Conflict with the nurse, help

Hi

I am new to the pump. I just recently got it for a month.
The nurse set a new carb ratio and basal rate for me, but it is really not enough and bg goes really high, around 13-17 everyday.

I adjust my carb ratio and told the nurse about the change. the bg was beautiful that week, average of 5.7. I emailed the nurse about the result later that week. However, my nurse warn me to let her make the change and let me to change the ratio back to the way to set it.

Have you had any conflict with the nurse? How did you deal with it

Thank you

At first I let mt Endo make the calls. They always err on the side of caution. About 4 to 5 months into it I was making my own adjustments and emailing them to him. I am in my 32nd month of pumping.

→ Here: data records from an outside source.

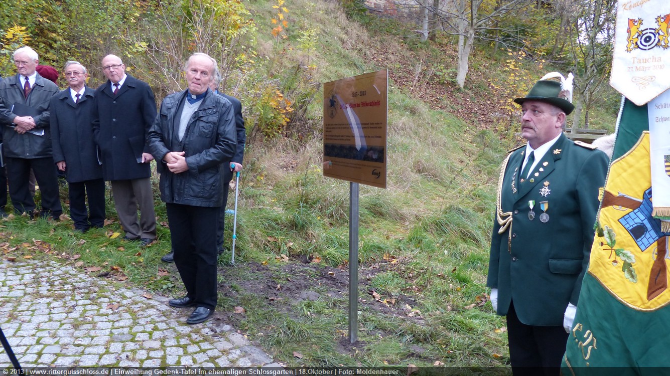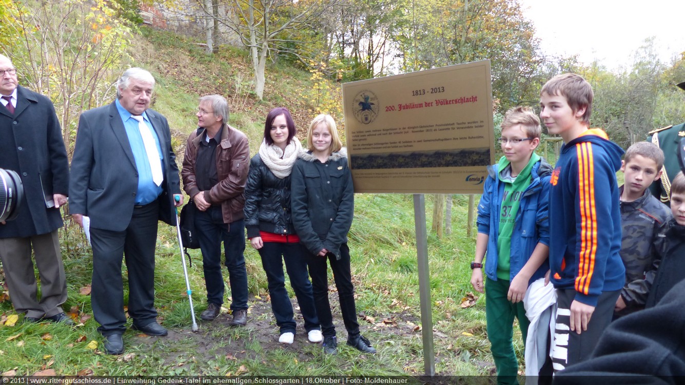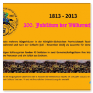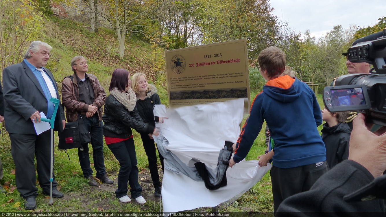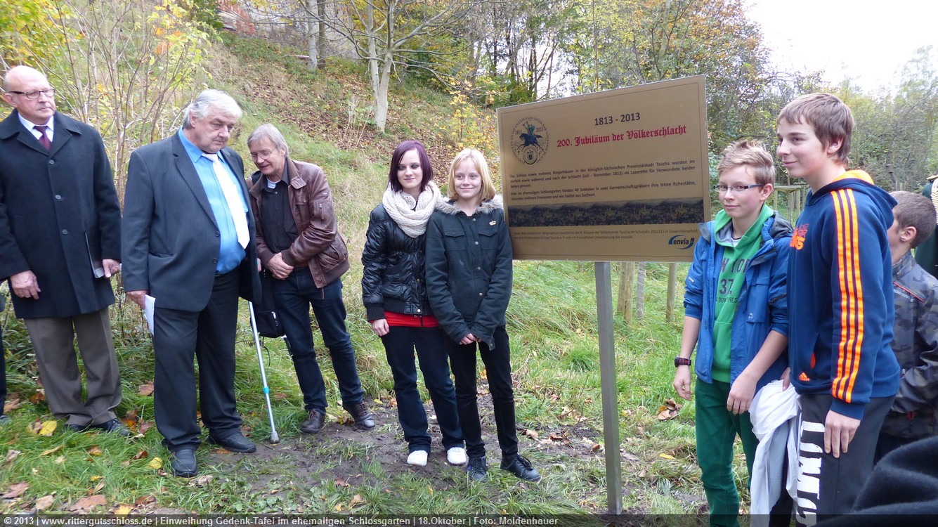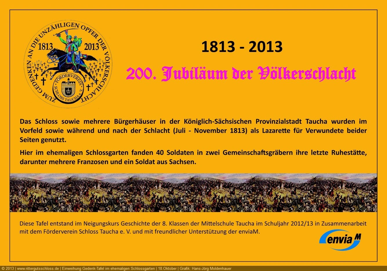 Zum 200. Jahrestag der Völkerschlacht bei Leipzig, die auch die Parthestadt nachhaltig berührte, gedachte Taucha mit einem großen feierlichen Akt am Freitagabend der Opfer. Um 16:30 Uhr wurde am ehemaligen Schlossgarten (heutige Streuobstwiese am Schlossberg) eine Erinnerungstafel eingeweiht. Die Erinnerungstafel entstand im Rahmen eines Forschungsprojektes des Neigungskurses Geschichte der Klassenstufe 8 der Oberschule Taucha in Zusammenarbeit mit dem Förderverein Schloss Taucha e. V. und mit freundlicher Unterstützung von enviaM. Die beteiligten Schüler setzten mit der Enthüllung der Tafel praktisch den Schlusspunkt unter ihre Projektarbeit.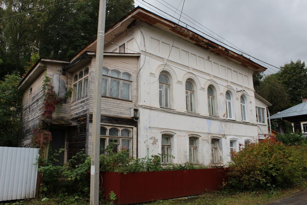 ОБЪЕМНО-ПРОСТРАНСТВЕННАЯ СТРУКТУРА ОБЪЕКТА: Жилой дом расположен по красной линии ул. Юрьевская (бывшая ул. Горького). Крупное здание в стиле позднего классицизма, имеет симметричную композицию. Дом двухэтажный с антресолями, квадратный в плане. - КОНСТРУКТИВНЫЕ ОСОБЕННОСТИ: Стены кирпичные, межэтажные перекрытия деревянные, стропильные конструкции деревянные, крыша вальмовая.- ВНЕШНЕЕ ДЕКОРАТИВНОЕ УБРАНСТВО: Главный фасад, в пять оконных осей. Стены оштукатурены, побелены. Окна первого этажа лучковые с тянутыми наличниками и подоконными полочками. Окна второго этажа высокие, арочные, с тянутыми наличниками, архивольтами и замковыми камнями. Окна антресольного этажа лучковые, небольшие по размеру.Под окнами второго этажа проходит тянутый межэтажный пояс. В уровне верха окон первого этажа - тянутый пояс, повторяющий очертание лучковых перемычек. Широкий фриз с ширинчатым поясом в уровне антресольного этажа частично заходит на восточный и западный фасады. Фриз подчеркнут профилированным тянутым поясом. Стены завершаются многопрофильным карнизом. Углы здания акцентированы пилястрами. Карниз крыши большого выноса. Крыша покрыта фальцованным железом.- ВНУТРЕННЕЕ ДЕКОРАТИВНОЕ УБРАНСТВО: отсутствует.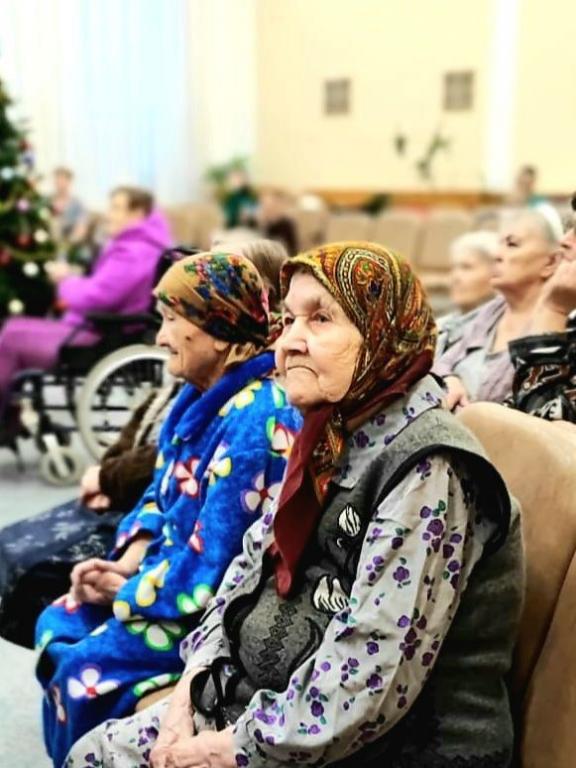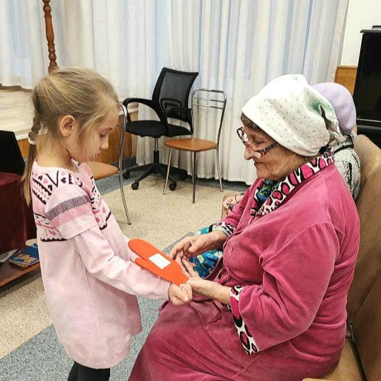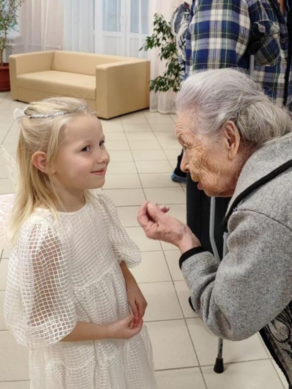 Встреча детей со старшим поколением была полна лёгкости, радости и тепла. Глаза бабушек и дедушек светились от счастья, а дети дарили им свои подарки с такой искренней любовью, словно это были их собственные родные.

Most docs and nurses are comfortable letting T1’s tweak their own doses.

Heck, they taught me how to tweak doses when I was a kid diagnosed 30 years ago.

But other docs/nurses simply are not willing to give up micromanagement, and believe they have to be the one making any dosage changes. Personally I think that went out of style 30 or 40 years ago but obviously it still is living on today. Heck, there is a huge chunk out there that still think that “sliding scale” is the best thing since sliced bread. Don’t get me started on sliding scale!

Read your page where I coment back to you. I’ve never had that problem. I’m sorry you do.

It’s your disease and you should be the one making the changes since you actually live with your diabetes :slight_smile:
It is good to consult with your nurse and Endo and discuss any major changes you’re going to make, but things like changing your carb ratio or adjusting basal rates… these are minor things that you are capable of doing because you know the best what suits you based on your everyday readings and doses.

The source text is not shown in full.